Tulsa businessman helps Tulsa Police purchase new rifles
The Tulsa Police Department is $100,000 richer, thanks to a donation from Tulsan Walt Helmerich. Helmerich made the donation after learning police officers had to buy new rifles with their own money.
Tuesday, January 11th 2005, 11:04 am
By: News On 6
The Tulsa Police Department is $100,000 richer, thanks to a donation from Tulsan Walt Helmerich. Helmerich made the donation after learning police officers had to buy new rifles with their own money.
As News on 6 crime reporter Lori Fullbright explains, the gift means the department can now buy at least a hundred new rifles.

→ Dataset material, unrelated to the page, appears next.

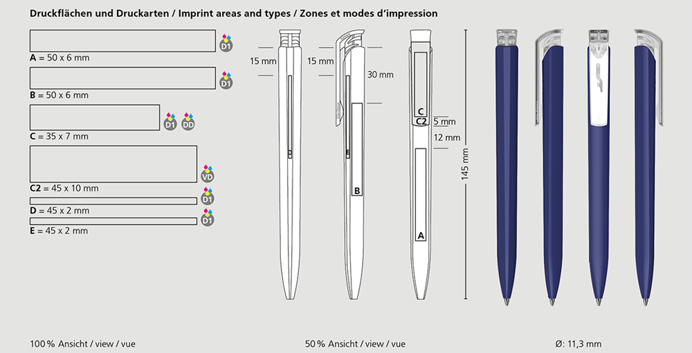 The Trias high gloss/transparent is a Retractable ballpoint pen. Material and surface: Barrel: plastic (ABS) high gloss. Push button clip: plastic (M-ABS) transparent. Refill tubes: Recycled polypropylene (rPP). Standard colours: Barrel: can be combined in 14 colours. Push button clip: can be combined in 12 colours. Special colours: from 5,000 pcs., without PMS surcharge from 25,000 pcs.. Refill: Silktech L (3,000 m), blue or black, Refill Optional:
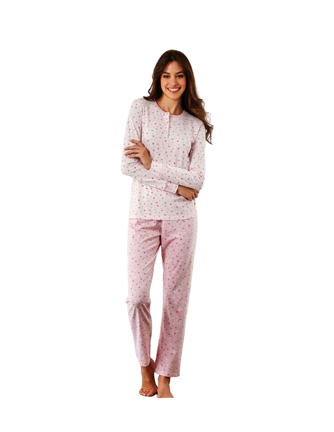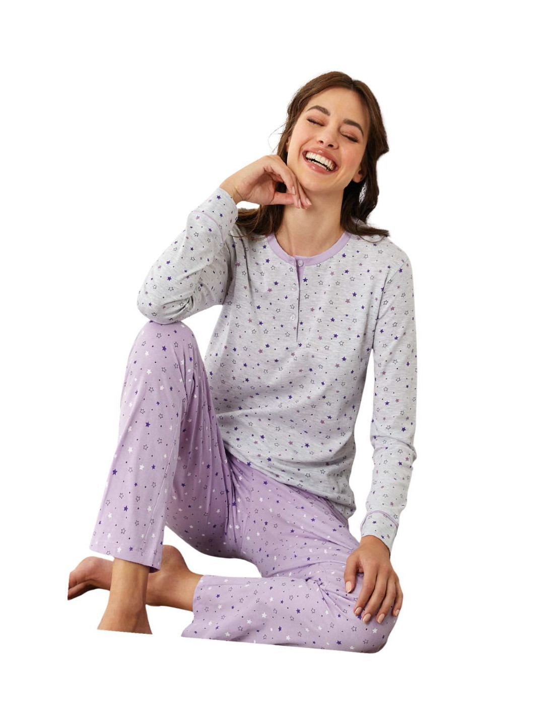 Women's seraphine pyjamas in cotton jersey with small stars pattern and long trousers without cuffs.

The News on 6 aired a story in November about select patrol officers learning to shoot their new Colt-AR-15, 223 caliber rifles. Tulsa Police say the rifles are needed, because officers are frequently out-gunned by the criminals. Even though the need was there, the money wasn't, so the officers were asked to pay for the rifles out of their own pockets, and they did.
After that story aired, Police Chief Dave Been got a call from longtime Tulsa businessman and charitable contributor Walt Helmerich. Chief Dave Been: "He didn't think and I agreed that officers who don't make much money anyway should have to pay for their own weapons and the city council just approved that gift last Thursday."
The police department believes officers and citizens will both be safer if officers on street patrol have these guns, not just SWAT team members because those officers are often the first line of defense. And with the assault weapons ban recently lifted, the situation could get even worse. "We're in a position where we're tired of our officers being outgunned."
Helmerich's gift will allow the department to buy 30 rifles for each division, which puts 10 on each shift in addition to the officers who already purchased their own. "The officers appreciate the citizen support and stepping up especially now and I appreciate it personally and he's a good friend to the city and the department."
The gift of the rifles allows officers to be armed with the knowledge that citizens do support their efforts and that kind of support hits a bulls-eye every time. The officers who carry the new rifles must go through a training program first.
The department hopes to have the new rifles by spring.